To determine the evolutionary pathway and conservation of PLEKHA7 and its domains, Plekha sequences were collected from the National Center for Biotechnology Information (NCBI) reference protein (RefSeq) database (as of December 2021) using protein-BLAST. Since most Plekha proteins exhibit multiple alternatively spliced variants, we used as queries the longest sequence-verified protein isoform (Supplementary Tables S1A,B). The BLAST searches were performed using default parameters and individually for the major taxonomic databases to ensure the collection of all available proteins. Specifically, mammals were searched separately, followed by birds, ray-finned fishes (Actinopterygii), reptiles, amphibia, cartilaginous fish (Chondrichthyes), and all other vertebrate and invertebrate taxa with available genome sequences at NCBI (Supplementary Table S1A). Additionally, we used the ENSEMBL database to search for Hagfish genes (Genome assembly: Eburgeri_3.2; GCA_900186335.2). Because mammals, birds, and ray-finned fishes have disproportionally more species’ genomes sequenced compared to other taxa, we also narrowed our search in a set of representative species, when collecting sequences for phylogenetic tree construction (Supplementary Table S1A).

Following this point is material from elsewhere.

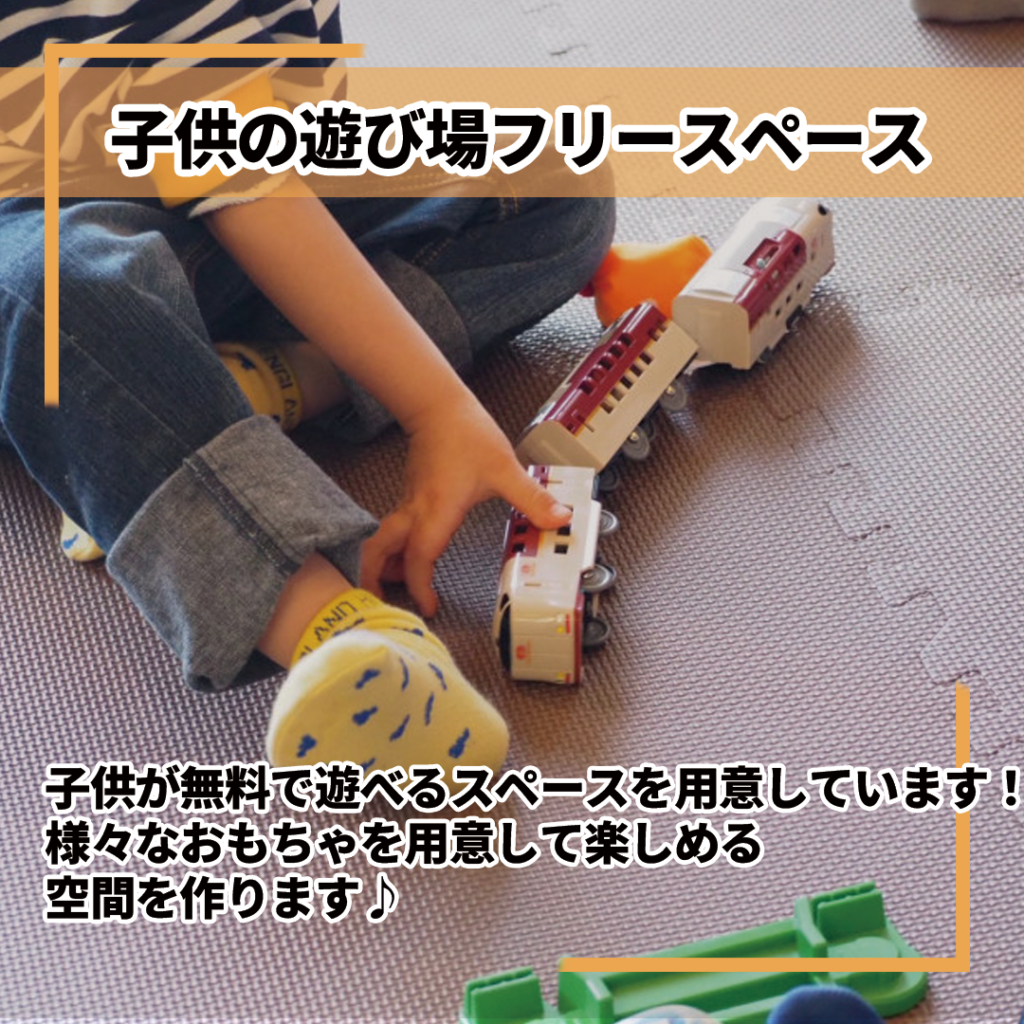 子供が無料で遊べるスペースを用意しています!様々なおもちゃを用意して楽しめる空間を作ります♪卓球も無料でできます!

These BLAST searches retrieved several homologous sequences, including multiple isoforms, verified or putative, across most species (Supplementary Tables S1B, S2–S9). From this original sequence pool in subsequent analyses, we again retained the largest verified (or predicted) Plekha isoform to avoid redundancy. Overall, protein sequences with alignments producing the lowest E-values (denoting nonrandom alignment between query and target sequences), query coverage greater than 60%, and similar domain organization as the query proteins, were collected. Additionally, to identify common ancestors of these genes in other Chordates or invertebrates, sequences with lower coverage, often limited to the PH domain or to the non-PH-containing regions, were also collected and further analyzed.

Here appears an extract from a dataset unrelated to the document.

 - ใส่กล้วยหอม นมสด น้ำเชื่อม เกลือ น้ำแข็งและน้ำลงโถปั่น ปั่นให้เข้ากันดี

The selected sequences were then aligned with the Multiple Alignment using Fast Fourier Transform (MAFFT) program version 7 (Katoh et al., 2002), using the E-INS-i strategy with a BLOSUM62 scoring matrix, a gap opening penalty of 1.53, and a 0.0 offset value. Alignments were also in part performed using the SnapGene software (v5.2.1) (from Insightful Science; available at snapgene.com). Domain identification was performed using the conserved domains database (CDD) (Marchler-Bauer et al., 2015) and published work. Multiple sequence alignments were used to generate sequence conservation logos with the WebLogo software (Crooks et al., 2004). Intrinsically Disordered Region (IDR) predictions were performed at the PSIPRED server (McGuffin et al., 2000; Buchan and Jones, 2019) using the DISOPRED3 function (Jones and Cozzetto, 2015).

Phylogeny Reconstruction

To determine the phylogenetic relationships of the collected sequences, we generated Neighbor-Joining (NJ) and Maximum likelihood (ML) phylogenetic trees. After analyzing and verifying all sequences’ relationships, different protein sequences were selected in the final dataset as representative sequences (species) based on whether they represented complete sequences and their alignment did not introduce more than 20% of the total gaps.

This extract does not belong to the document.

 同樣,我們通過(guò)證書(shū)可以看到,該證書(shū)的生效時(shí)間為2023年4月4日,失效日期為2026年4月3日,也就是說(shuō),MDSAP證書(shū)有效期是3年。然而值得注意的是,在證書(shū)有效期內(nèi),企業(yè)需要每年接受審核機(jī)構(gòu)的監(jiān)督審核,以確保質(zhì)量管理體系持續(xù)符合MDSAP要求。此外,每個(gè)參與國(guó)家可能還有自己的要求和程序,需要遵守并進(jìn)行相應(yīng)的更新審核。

Maximum-likelihood (ML) was used to find the best model of evolution (MEGA X) (Kumar et al., 2018). Based on the Bayesian Information Criterion (BIC) the substitution pattern was best described by the JTT model with corrections for non-uniform evolutionary rates among sites (+G) and by assuming that a certain fraction of sites is evolutionarily invariable (+I). Phylogenetic trees were generated using the NJ and ML algorithms as implemented in MEGA X. For ML, initial tree(s) for the heuristic search were obtained automatically by applying Neighbor-Join and BioNJ algorithms to a matrix of pairwise distances estimated using the JTT model, and then selecting the topology with superior log likelihood value. In both cases, one thousand bootstrap pseudo-replicates were used to test the reliability of the inferred trees. Phylogenetic trees were constructed using a midpoint root and without the use of other outgroups, as previously proposed for families with highly divergent outgroups, which is the case for the PLEKHA family (Wheeler, 1990; Foster and Hickey, 1999; Huelsenbeck et al., 2002; Shavit et al., 2007; Rota-Stabelli and Telford, 2008; Rosenfeld et al., 2012).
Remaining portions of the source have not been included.